Retirement is a personal and complex experience that can bring both joy and challenges. While many people retire earlier than planned, they often report being happier and more fulfilled than expected. With careful planning and preparation, retirees can navigate the transition and create a fulfilling life post-work. Whether it’s pursuing new hobbies, spending more time with loved ones, or simply enjoying a sense of security, retirees can make the most of this new chapter.

**Frequently Asked Questions (FAQs)**

**Q: Why do people retire early?**

A: More than half of retirees retire due to reasons beyond their control, such as health problems or disabilities, or changes in their company, including layoffs, closures, or reorganizations.

**Q: How do people typically spend their retirement?**

A: Many retirees spend more time with family and friends and pursue their hobbies than they anticipated.

**Q: Are women financially secure in retirement?**

A: Yes, more than half of retired women consider their financial situation to be good or very good.

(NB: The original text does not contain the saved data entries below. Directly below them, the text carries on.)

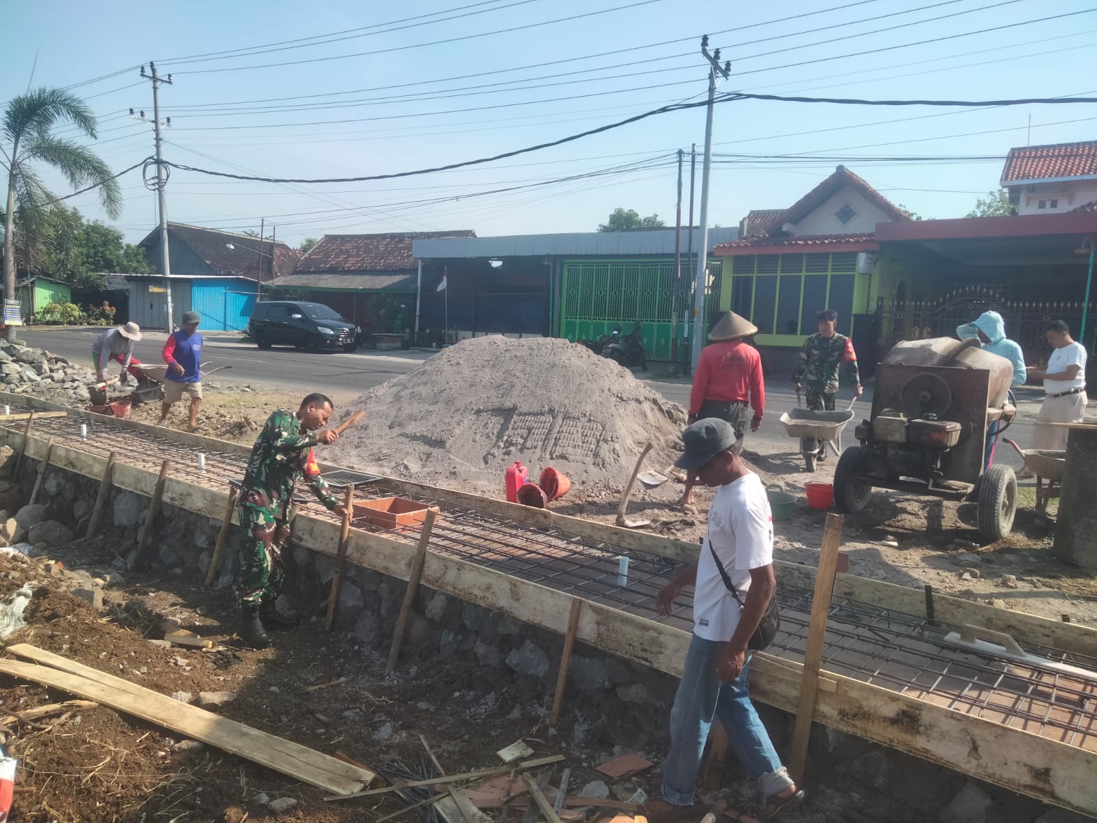 Barometer99.com – Sragen, Pelda R. Jumarno berserta dua Anggota Koramil 18/Kalijambe Kodim 0725/Sragen bersama warga membuat talud penahan jalan di Dusun Plosorejo RT.12 Desa Kalimacan Kecamatan Kalijambe, Senin (08/12/2025).
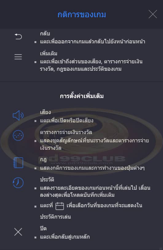 เเตะเพื่อเข้าถึงส่วนของเสียง ตารางการจ่ายเงิน รางวัล กฏของเกมและประวัติของเกม
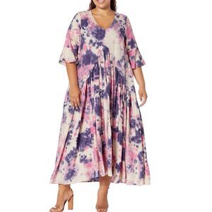 Loralette Valerie Maxi Dress Plus 20 Tie Dye Boho Hi Low Hem Summer NWT Resort
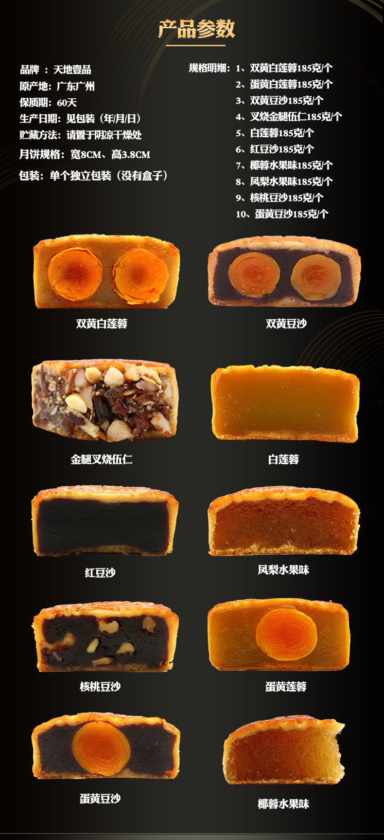 Tiandi 品 五 仁 Лунный торт 185г ручная работа Старинные золотые ноги, большой упакованный фестиваль среднего осени
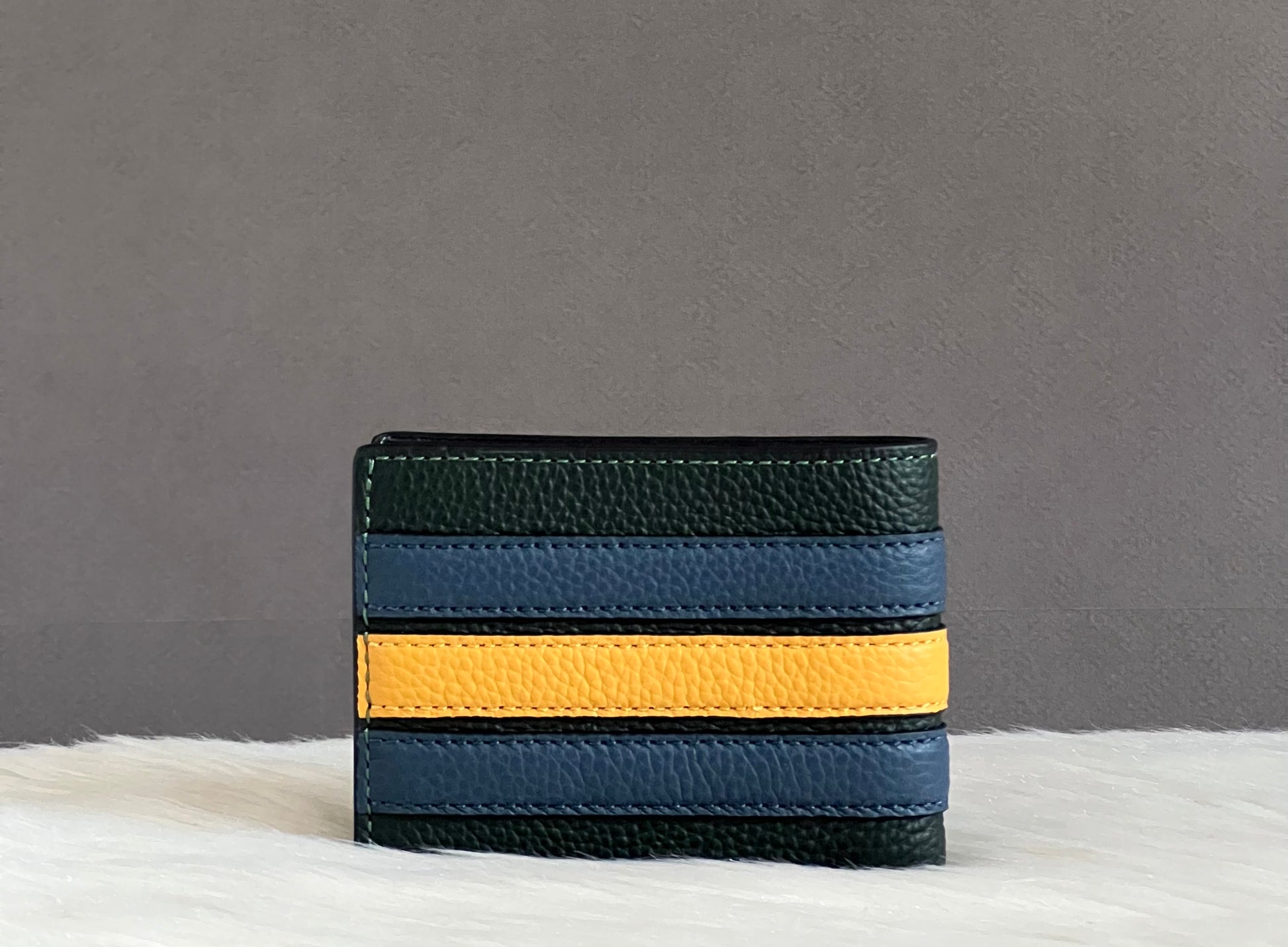 Introducing the Coach Men's Slim Billfold Wallet with Varsity Stripe. This sleek and stylish wallet features a slim design and a bold varsity stripe, perfect for the modern man. With its premium craftsmanship and functional design, it's the perfect combination of style and practicality. Upgrade your wallet game today.
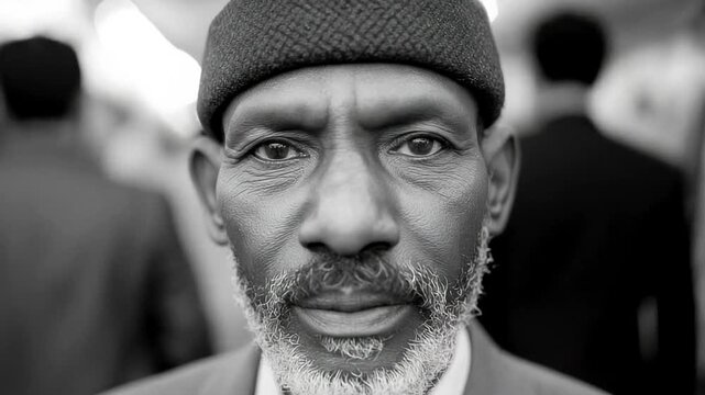 Elderly African man with a contemplative gaze, wearing a knit cap in an outdoor setting, conveys wisdom and life experience, suitable for cultural and community themes

**Q: What is the most important aspect of a financial plan for retirees?**

A: A written financial plan that considers living expenses, debt repayment, savings, and investments is crucial.

**Q: How can retirees mitigate the impact of inflation?**

A: Retirees can take steps to ensure their purchasing power is preserved by reviewing their asset allocation, health care needs, insurance protection, taxes, and potential long-term care needs.